→ Supplied material:
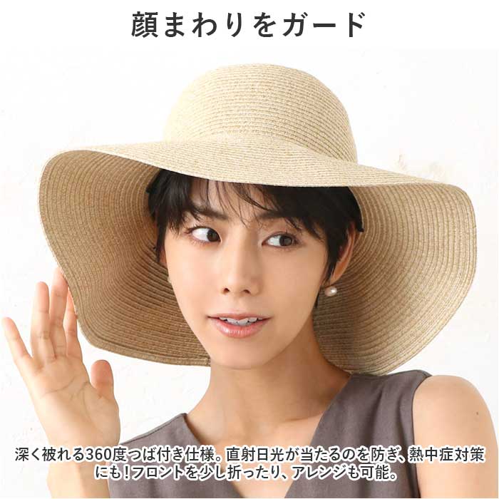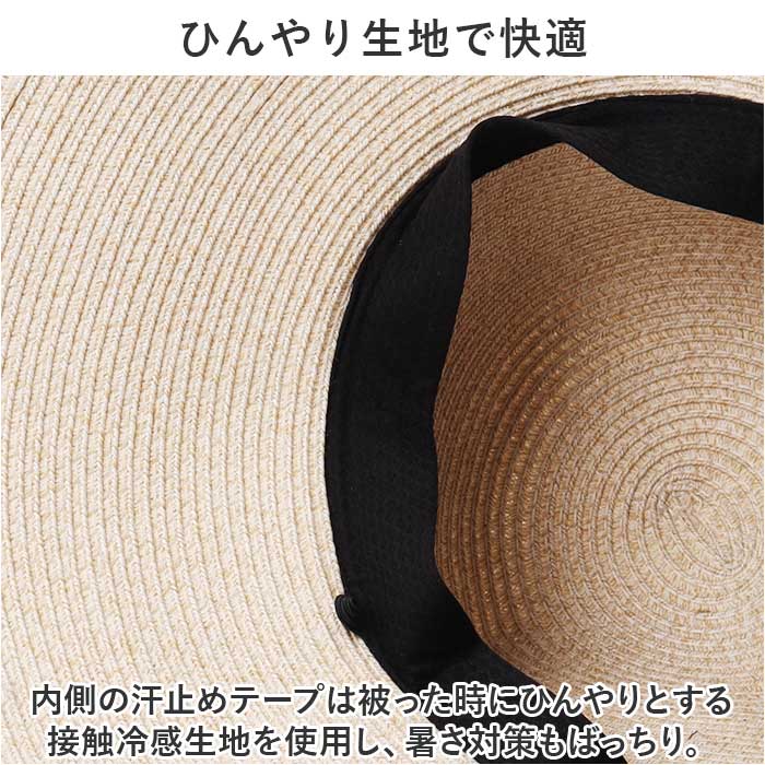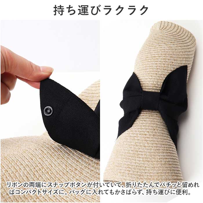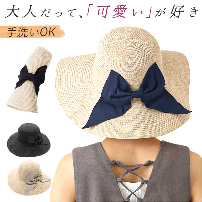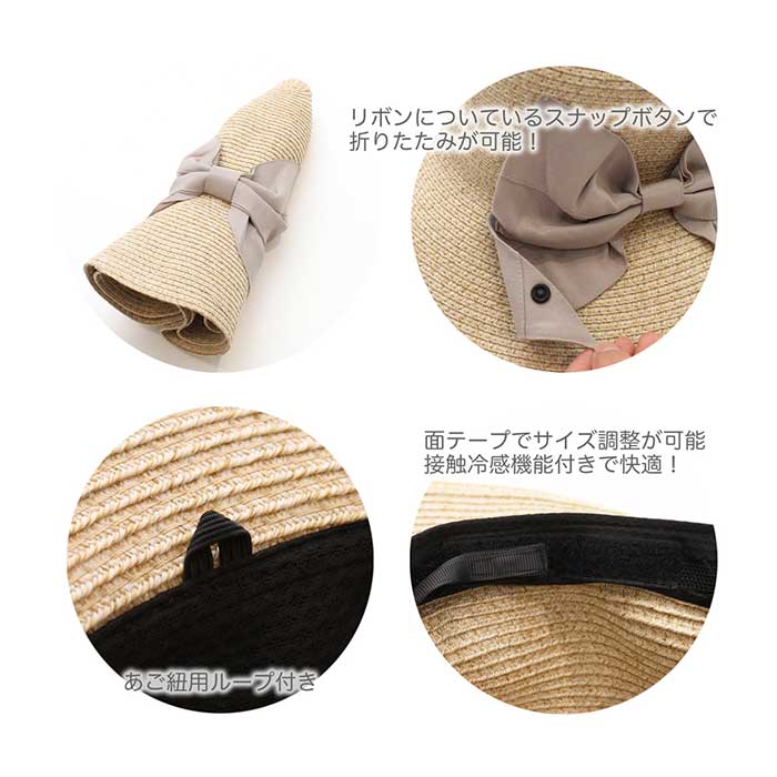 帽子 レディース ハット 通販 ツバ広 バッグリボン リボン 大きい 手洗い ウォッシャブル ひんやり 冷感 接触冷感 あご紐 ループ 調整可能 コンパクト 持ち運び 収納 夏 快適 きれいめ 上品 かわいい 可愛い シンプル カジュアル おしゃれ
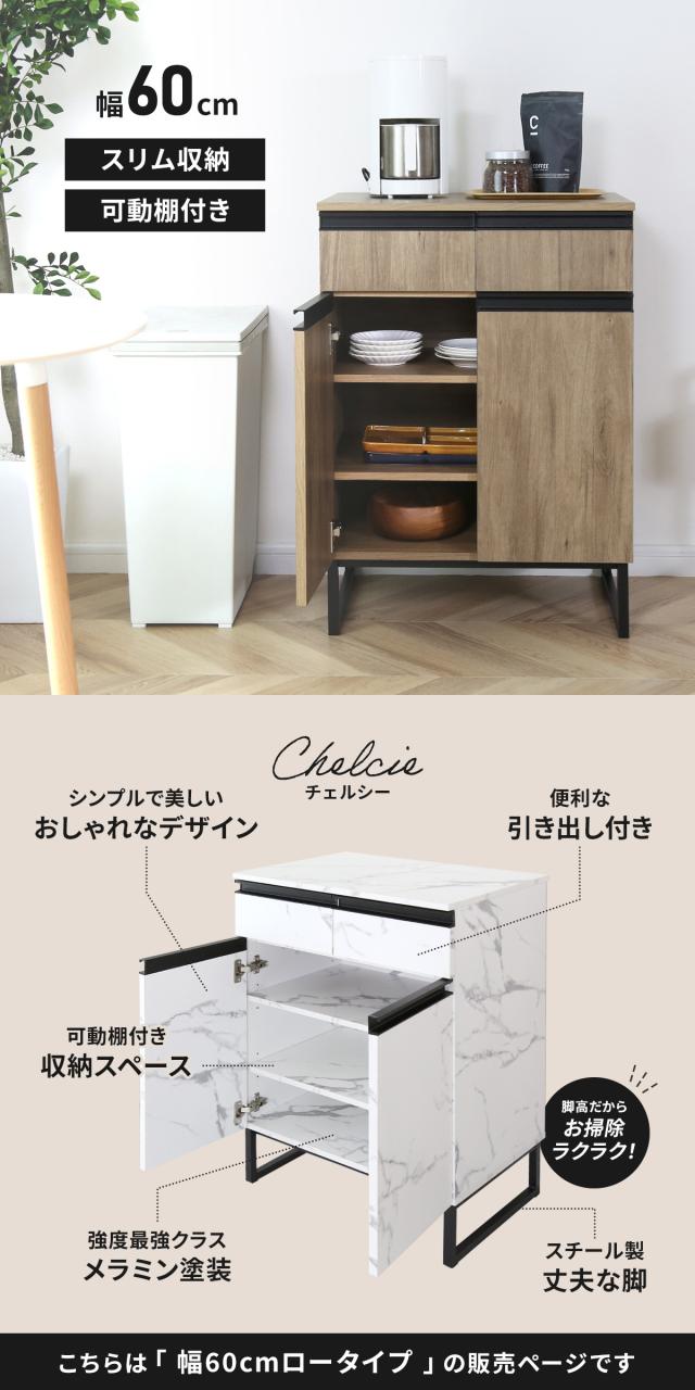 レンジ台 食器棚 キッチン収納 キッチンカウンター 幅60cm キッチンボード 収納 チェルシーロータイプ60 インテリア家具 おすすめ おしゃれ 北欧 big_ki プレゼント tm
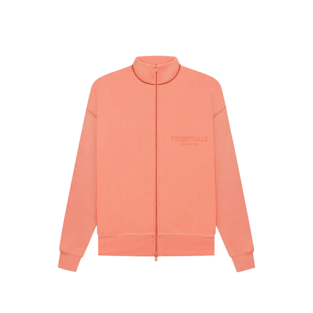 The Fear of God Essentials Full Zip Jacket in 'Coral' features a soft, lightweight fabric in a subtle yet eye-catching coral hue, designed for comfort and warmth during the cooler months. With its full-zip closure and adjustable hood, this jacket ensures practicality, allowing wearers to tailor their look and fit. Ribbed cuffs and hem add structure to the design, while the relaxed fit offers a contemporary silhouette that’s both comfortable and effortlessly stylish. The Essentials logo on the sleeve adds a signature touch, further elevating this streetwear essential.
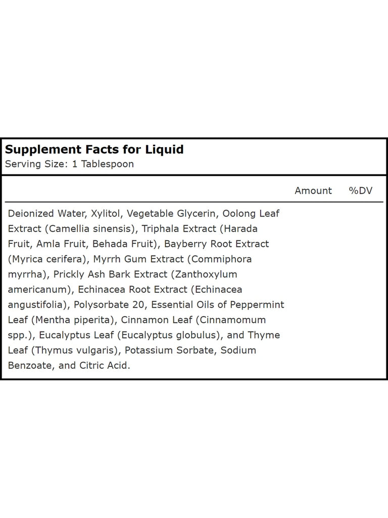 Triphala Mouthwash is formulated with traditional botanicals and essential oils to freshen the breath. Triphala is a traditional Ayurvedic formulation consisting of three fruits: amla, harada, and behada. Triphala Mouthwash is sweetened with xylitol, which does not promote tooth decay.

→ Aim of the exercise:
Every line above must be printed again exactly, pictures excluded.

→ Task result:
 帽子 レディース ハット 通販 ツバ広 バッグリボン リボン 大きい 手洗い ウォッシャブル ひんやり 冷感 接触冷感 あご紐 ループ 調整可能 コンパクト 持ち運び 収納 夏 快適 きれいめ 上品 かわいい 可愛い シンプル カジュアル おしゃれ
 レンジ台 食器棚 キッチン収納 キッチンカウンター 幅60cm キッチンボード 収納 チェルシーロータイプ60 インテリア家具 おすすめ おしゃれ 北欧 big_ki プレゼント tm
 The Fear of God Essentials Full Zip Jacket in 'Coral' features a soft, lightweight fabric in a subtle yet eye-catching coral hue, designed for comfort and warmth during the cooler months. With its full-zip closure and adjustable hood, this jacket ensures practicality, allowing wearers to tailor their look and fit. Ribbed cuffs and hem add structure to the design, while the relaxed fit offers a contemporary silhouette that’s both comfortable and effortlessly stylish. The Essentials logo on the sleeve adds a signature touch, further elevating this streetwear essential.
 Triphala Mouthwash is formulated with traditional botanicals and essential oils to freshen the breath. Triphala is a traditional Ayurvedic formulation consisting of three fruits: amla, harada, and behada. Triphala Mouthwash is sweetened with xylitol, which does not promote tooth decay.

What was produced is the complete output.